Fan et al. (27) have shown that intravitreal injections of exendin-4 in Goto-Kakizaki rats protect the blood-retinal barrier (BRB) from diabetes-induced vascular leakage by preventing the downregulation of tight junction proteins (i.e., claudin-5 and occludin). These effects are associated with a decrease of placental growth factor and VEGF via the ERK and AKT/PKB pathways. In addition, we have found that topical administration of GLP-1RAs in db/db mice prevents vascular leakage through the downregulation of two of the most important players in the pathogenesis of the breakdown of the BRB: VEGF and IL-1β (22).

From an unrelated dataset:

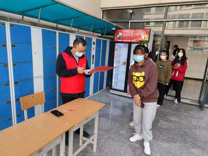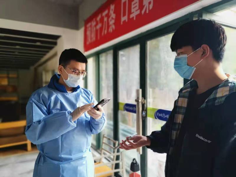 核酸检测期间,党总支书记任庆国,副经理贾良多次来到核酸检测现场,查看核酸检测落实情况,组织召开现场工作会,研讨核酸检测存在的问题,及时解决,不断优化,最终形成了以宿舍为单元检测、登记、核对的行之有效的核酸检测实施方案,保证员工有序、快速、安全的完成核酸检测。在校教工党员先锋队担任扫码志愿者或维持现场秩序,充分发挥教师党员的先锋作用。同时要求员工在完成核酸后第一时间进行易班登记,通过易班登记数据、现场检测扫码数据、公司实有人数进行三项对比,形成数据闭环,确保所有应检人员按时完成核酸检测。针对隔离员工,由教师党员先锋带队,上门进行核酸检测,筑牢疫情防控安全壁垒。

Recent studies have revealed that GLP-1 enhances proliferation and differentiation of endothelial progenitor cells through upregulation of VEGF (37). In addition, there is emerging experimental evidence indicating the angiogenic effects of GLP-1RA using human umbilical vein endothelial cells (38,39), or in in vivo models of hind-limb ischemic injury (40,41) and myocardial infarction (42,43). Therefore, it might be hypothesized that the worsening of DR observed in the SUSTAIN study could be partially accounted for by the inclusion of patients with advanced nonproliferative DR or proliferative DR (stages in which hypoxia plays a crucial pathogenic role) in whom semaglutide could have triggered angiogenesis, thus favoring neovascularization. However, to the best of our knowledge, there is no information regarding any potential in vitro or in vivo angiogenic effect of GLP-1RA in the retina. In fact, it has been shown that GLP-1 did not affect the spontaneous release of VEGF from retinal pigment epithelium cells (the primary source of VEGF in the retina) (44). Additionally, as mentioned above, we have found that subcutaneous administration of liraglutide downregulated retinal expression of VEGF in db/db mice (22). Nevertheless, specific studies addressed to investigate whether the presence of hypoxia can modulate the effect of GLP-1RAs on retinal VEGF expression seem warranted. In addition, topical or intravitreal administration of GLP-1RAs would be useful in determining whether the potential effect on angiogenesis is directly mediated by GLP-1R rather than by indirect systemic effects related to their rapid reduction of blood glucose levels.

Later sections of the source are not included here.